Thank you, Mike, and good morning to everyone. I'll first provide some comments on our fourth quarter and full fiscal year results before moving on to our outlook for the first quarter of fiscal 2018. Fourth quarter sales were $574 million, an increase of 13% over the prior year's fourth quarter. This change in sales included a 2% increase in organic volume, a 10% increase related to the first-year effect of acquisitions, and a 1% increase related to the favorable effects of currency translation compared to the prior year's fourth quarter. Organic growth exceeded the high end of our guidance range, driven primarily by strong demand in electronics end markets.

Looking at sales performance for the quarter by segment, sales in the Adhesive Dispensing segment increased 6% as compared to the prior year fourth quarter, inclusive of 4% organic volume growth and 2% related to favorable effects of currency translation. This marks the 10th consecutive quarter of organic growth in this segment, where all product lines and nearly all regions drove the increase in the current quarter. Within the Advanced Technology segment, sales volume increased 29% from the prior year fourth quarter, inclusive of 4% organic volume growth and 25% growth related to the first year effect of acquisitions. The effects of currency translation were immaterial. This is outstanding performance that exceeded our expectations. Electronics and medical end markets drove the current quarter's growth.

We continue to benefit from the ongoing change in technology in the marketplace and our ability to broaden our application solutions. Regionally, growth was strongest in Japan, with the Americas and U.S. also adding to this growth. This segment's acquisitive growth includes one month of the fiscal 2016 LinkTech acquisition and the fiscal 2017 acquisitions of ACE, InterSelect, Plas-Pak, and Vention. Organic sales volume in the Industrial Coating Systems segment decreased 8%, where this segment was also up against a very challenging comparison to the fourth quarter a year ago, where organic volume growth was 12%. Customer demand in most product lines was offset by strong prior year performance in our cold materials product line. Europe and Japan were strongest geographically in the current quarter.
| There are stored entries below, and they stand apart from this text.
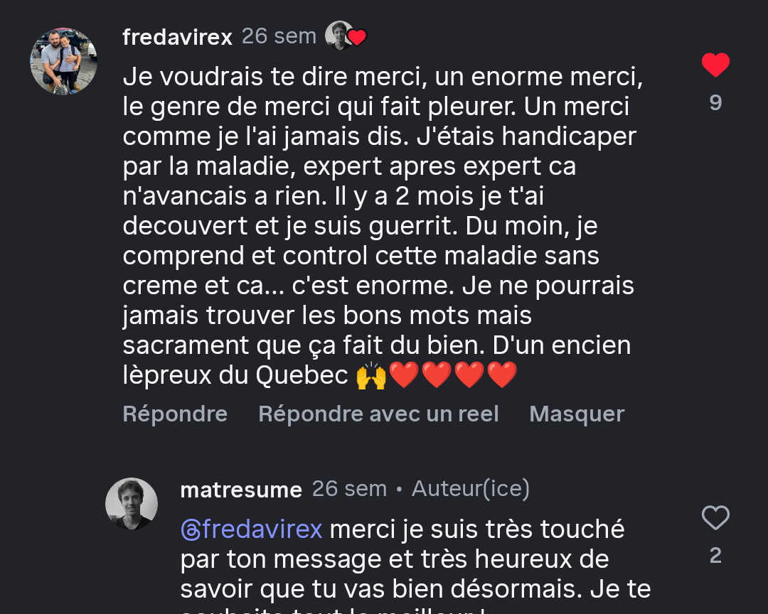"Je voudrais te dire merci, un énorme merci, le genre de merci qui fait pleurer. Un merci comme je l'ai jamais dit. J'étais handicapé par la maladie, expert après expert ça n'avançait à rien. Il y a 2 mois je t'ai découvert et je suis guéri. Du moins je comprends et contrôle cette maladie sans crème et ça... C'est énorme. Je ne pourrai jamais trouver les bons mots mais sacrament que ça fait du bien."
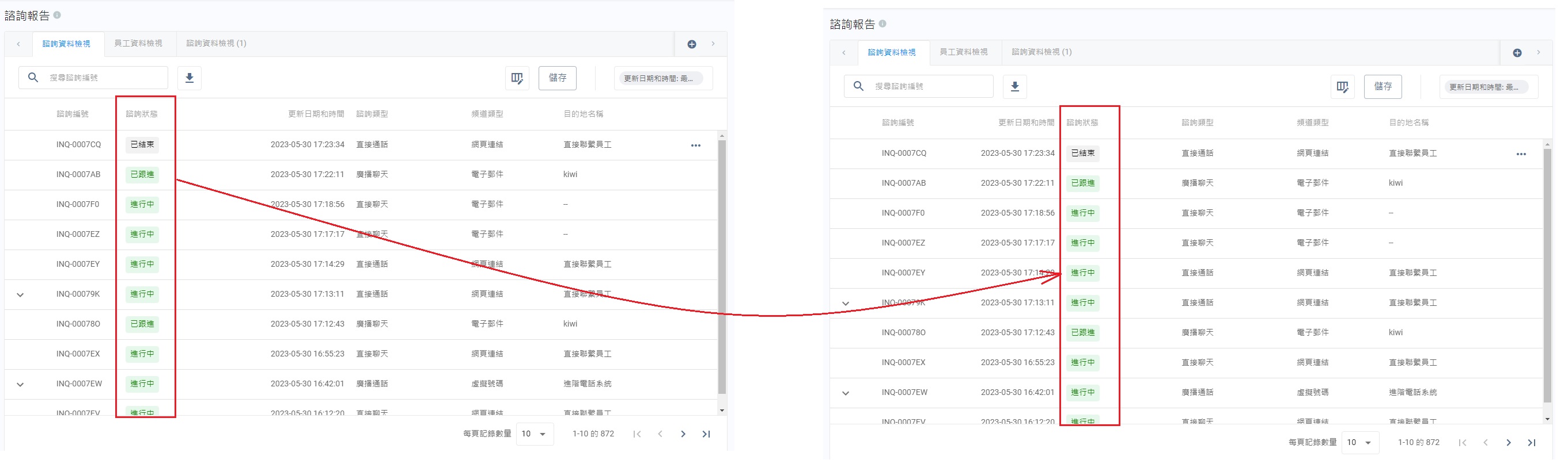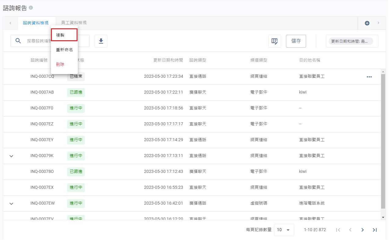 | 諮詢狀態 | 諮詢狀態包括:待處理、處理中(進行中或跟進中)、未處理以及已結束。 |
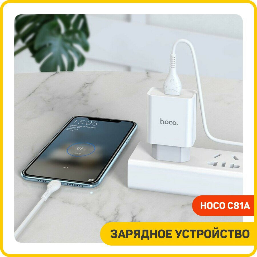 Сетевое зарядное устройство (СЗУ) Hoco C81A (USB) + кабель Type-C, 2.1 А, белый
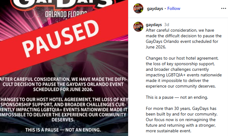 “After careful consideration, we have made the difficult decision to pause the GayDays Orlando event scheduled for June 2026. Changes to our host hotel agreement, the loss of key sponsorship support, and broader challenges currently impacting LGBTQIA+ events nationwide made it impossible to deliver the experience our community deserves. This is a pause — not an ending. For more than 30 years, GayDays has been built by and for our community. Our focus now is on reimagining the future and returning with a stronger, more sustainable event,” the event organizers said in a post to Instagram.
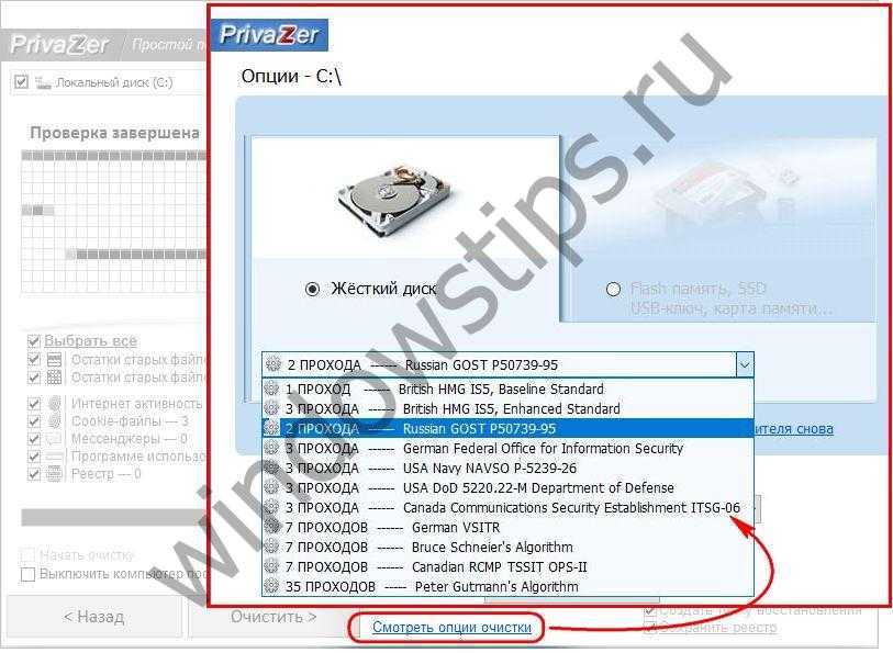 Заметающие следы активности на компьютере и беспокоящиеся о своей конфиденциальности пользователи перед этапом очистки могут сделать еще кое-что: при нажатии ссылки «Смотреть опции очистки» будет доступен выбор числа проходов для носителей данных и оперативной памяти.

Moving down the income statement, gross margin for the total company was 54% in the quarter, and operating profit improved 13% to $125 million as compared to the prior year's fourth quarter, with reported operating margin of 22% in the quarter. This performance includes approximately $6 million of intangible asset amortization expense related to acquisitions made in the current year, which dilutes operating margin by a full basis point. Looking at operating performance on a segment basis, Adhesive Dispensing delivered operating margin of 28% in the fourth quarter. This was an impressive improvement of four percentage points, driven by changes in product mix and fewer restructuring charges as compared to the prior year. The current quarter includes approximately $1 million in restructuring charges related to facility consolidation efforts.
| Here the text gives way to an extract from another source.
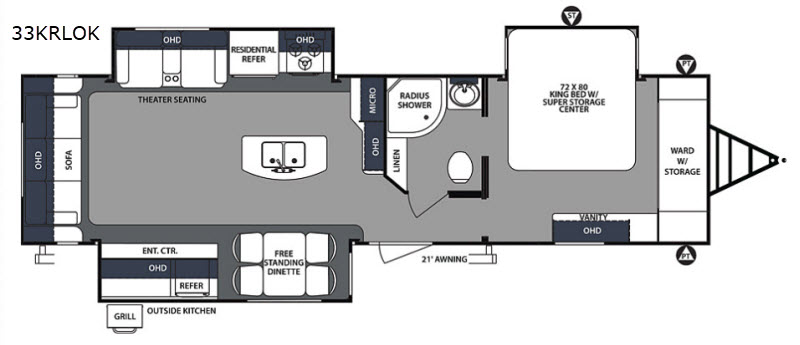 Are you ready for a great time away from home while relaxing in this triple slide out Surveyor 33KRLOK travel trailer? With two kitchens - one inside and one outside, the hardest decision that you will have to make is where you will fix your meals. If you enjoy grilling out then the outside kitchen is sure to be a draw for you. Inside you can relax around the free-standing dinette, the theater seats, or the sofa. Your perishables can be stored in the residential refrigerator and the island has a double sink with a high rise faucet plus extra counter space so you have more room to work. When you are ready to turn in for the night then come enjoy the comfortable king bed and more!
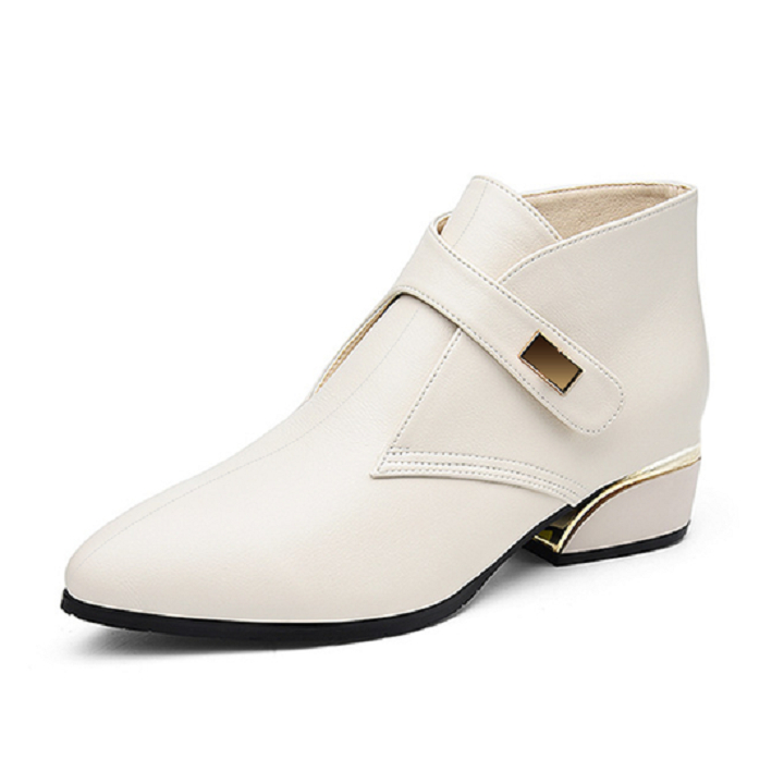 ROSATA - thương hiệu giày thời trang nữ cao cấp THUẦN VIỆT NHƯNG CHẤT LƯỢNG QUỐC TẾ ---- Giày bốt nữ cổ ngắn màu trắng kem 4p RO308 ROSATA tại BCASHOP khóa nút tiện lợi,

Within the Advanced Technology segment, reported operating margin was 24% in the fourth quarter, or 26% when excluding $6 million of intangible asset amortization expense related to current year acquisitions. The Industrial Coating segment delivered operating margin of 18% in the fourth quarter, down from the prior year's exceptional performance due to volume leverage and mix, but still strong performance for this segment. On a total company basis, net income for the quarter was $80 million and GAAP diluted earnings per share were $1.37, a 5% increase. Current year acquisitions reduced earnings per share by $0.07.

As Mike noted, we delivered strong fourth quarter EBITDA of $150 million, a 17% increase over the prior year fourth quarter, and EBITDA margin improved one percentage point to 26% as compared to the prior year's fourth quarter. Cash flow from operations was $133 million, and free cash flow before dividends was $111 million, or 139% of net income, highlighting our continued focus on liquidity. Our press release includes financial exhibits reconciling net income to free cash flow before dividends and adjusted free cash flow before dividends, as well as EBITDA and adjusted EBITDA. I'll now share a few comments on our full year results.
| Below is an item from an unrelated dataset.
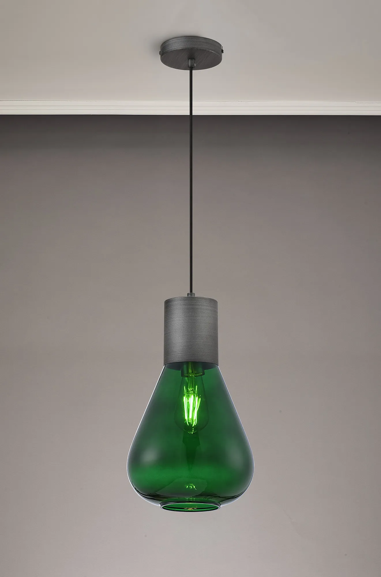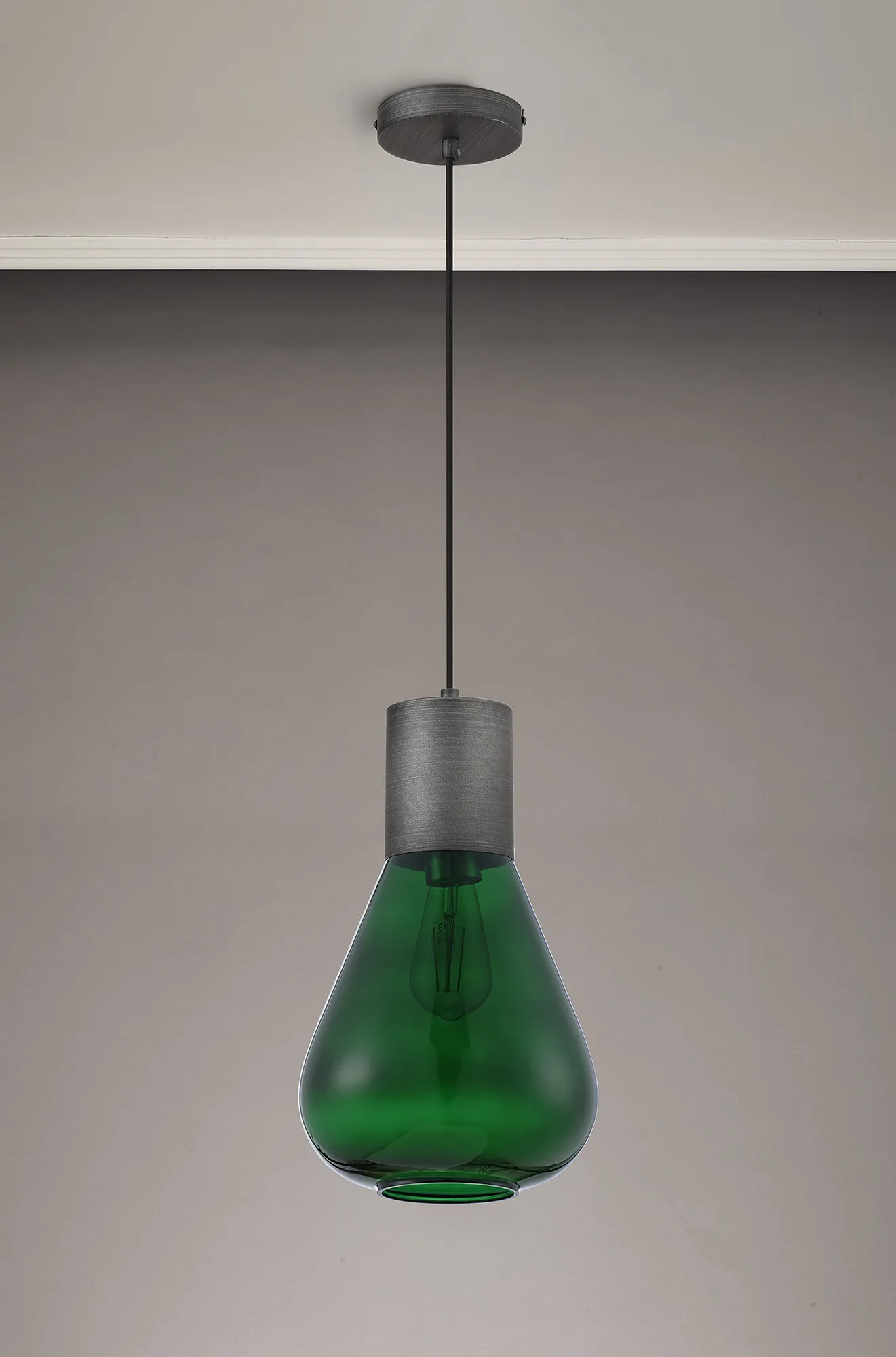 Clyde Ceiling Light With Narrow Glass, 1 x E27, Pewter/Bottle Green

Sales for fiscal 2017 were $2.1 billion, inclusive of very strong organic growth of 8% as compared to the prior year, which also was a strong year for Nordson. The first year effect of acquisitions added 7% sales growth, and we continue to be pleased with the performance of these acquisitions. Full year operating profit was $458 million, which is an increase of 18% over the prior year and inclusive of approximately $15 million of intangible asset amortization expense related to current year acquisitions. Reported operating margin was 22% or 24% on an adjusted basis to exclude both the effect of one-time charges highlighted in the EPS reconciliation financial exhibit and the $15 million intangible asset amortization expense, representing a 200 basis point improvement over the prior year's adjusted operating margin.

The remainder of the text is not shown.